Of all the “what if’s” in life, I occasionally dwell on the Gilmore Girls Revival. I looked forward to this with great anticipation. It is hard to imagine being more disappointed. A dated topic, I know, but relevant for those who keep going back to the series.

Revival criticisms:

The Revival seemed mostly about trying to fit in all the cameos. No easy task.

Rory changed a lot in the original series. It could be understandable that she might put reading for pleasure aside during the demanding days of college, or even during her personal crisis. That now, ten years later, she hardly cracks a book, shows she is not the smart, independent girl we met in the first four years of the series. Where is her can-do spirit that made the DAR event a success and got the Yale paper out on time? In the Revival, she has no personality, convictions, or motivation at all. She is part of a lost generation, yes, but this is Rory beyond recognition.

There is too little plot for such long episodes. These are double the length, so presumably double the depth or double the events. Neither happens. Gags were given 20-minute time slots (Kirk film, musical) and potential plot points were reduced to gags (taking over the paper).

The characters were unlikeable. This is common in edgy television. Some of the love went out with the pool water.

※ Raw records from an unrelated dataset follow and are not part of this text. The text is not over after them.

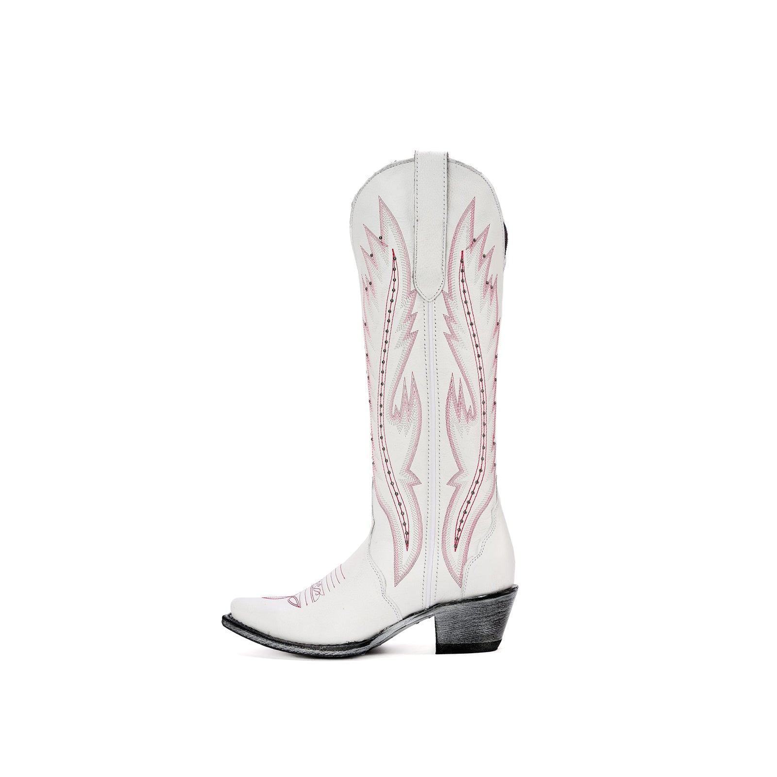White Snip-Toe Studs And Embroidery Wide Calf Knee High Cowgirl Boots
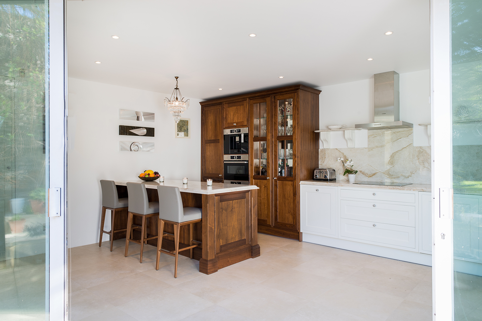 Range: Stoneham Fusion / Edwardian Colour: Stoneham white The owners of this welcoming riverside mews home created a fabulous juxtaposition of old and new. Fans of a monochromatic aesthetic, the client wanted to create a clear division between their open-plan living space and kitchen, complete with clean lines and no-nonsense functionality.
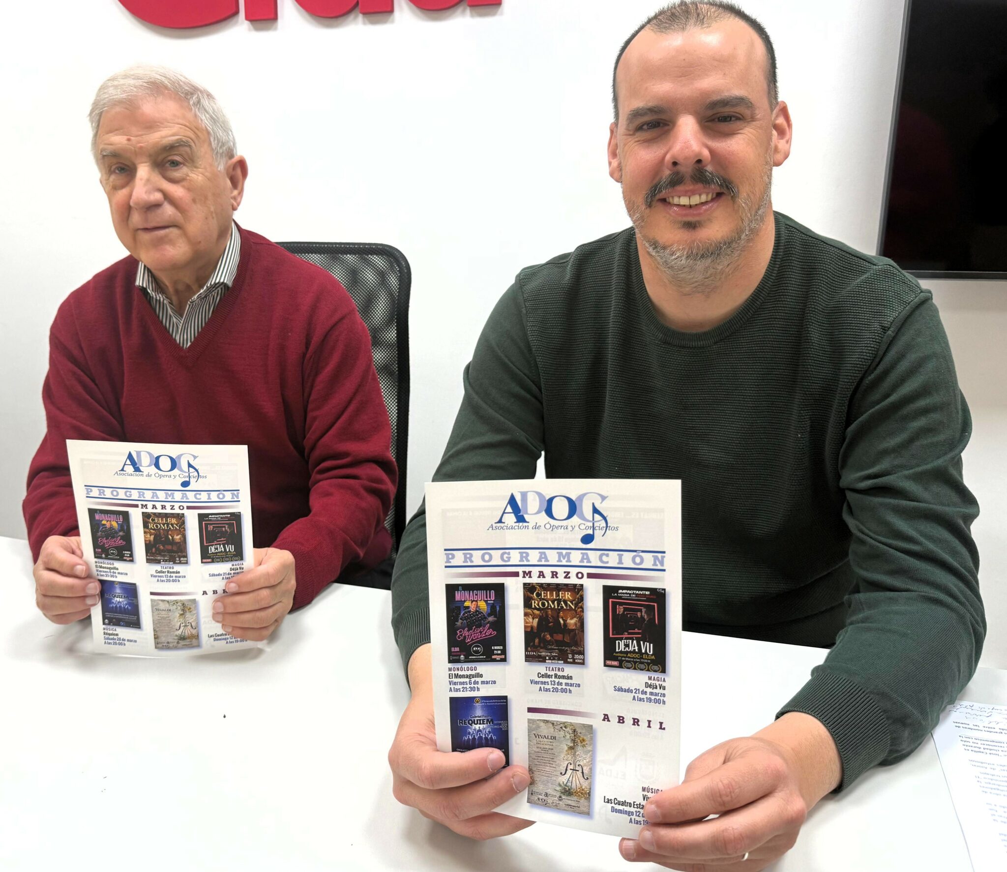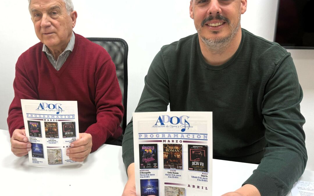 La Asociación de Ópera y Conciertos de Elda (ADOC) ha presentado su nueva programación cultural para los próximos meses, una propuesta variada que incluye monólogos, teatro, magia y música clásica y contemporánea. El calendario, que se desarrollará entre los meses de marzo y junio en el Auditorio ADOC, reúne diez espectáculos pensados para atraer a públicos diversos y consolidar la actividad cultural de la ciudad.

Below is my proposal for what could have happened instead, aligned with the work others already did.

Episode One: Winter

Lorelei and Rory realize their life is far from their ideals. They are introduced as unfulfilled. Emily questions meaning and life after Richard’s death. She engages in KonMari, but instead of jeans and t-shirt, she goes for ethical minimalism. Lorelei talks her down. The town holds Starlight festival and Lorelei wishes they would have married. Rory see’s Jess and thinks of what life could have been like. The show reveals she is sleeping with Logan even though he is engaged. Let’s throw in a line, “I’ve already done this before.”

Episode Two: Spring

Taylor decides to host a town revival, got an in with a major preacher who is traveling to another big town for a bigger revival. Hep Alien gets the band back together (references to Blues Brothers). Rory wakes up to see how she has been selfishly living for herself. Lorelei decides to take a chance on opening an annex for the inn (have faith). Emily sells her house and quits the DAR finding both meaningless. The episode ends with Rory picking up a book with coffee sitting by a tree. She discovers her first true love in this way. Meanwhile, in the distance, Luke proposes to Lorelei.

Episode Three: Summer

Editor of the Stars Hollow Gazette dies. Rory becomes the editor to stop it from closing. It pays something but not much considering the credit card debt she has. Kirk’s mom dies. Lorelei is too busy with the annex to help. Rory steps up. Emily moves to a beach house to give tours in an art museum (background is art history). Luke and Lorelei marry at a simple town wedding, realizing sometimes dreams come quietly. Rory and Jess talk all night after the wedding and share a romantic kiss.

Episode Four: Fall

Looking ahead, Luke and Lorelei see Paris about surrogacy, realize it’s not for them, are willing to live with their choices. Rory sees the blond guy to break it off. He resists her decision offering a great position as his mistress. They kiss. After some time, she leaves citing actual values about being a decent person. Realizing she must pay the bills and cannot live at her mother’s house, Rory decides to work at the diner while Luke helps with the restaurant at the inn. She moves into Luke’s apartment. Lorelei eats an apple and wonders if she’s pregnant (menopause has not completed). The episode ends with Rory telling her mom she’s pregnant, just as the original series creator wanted.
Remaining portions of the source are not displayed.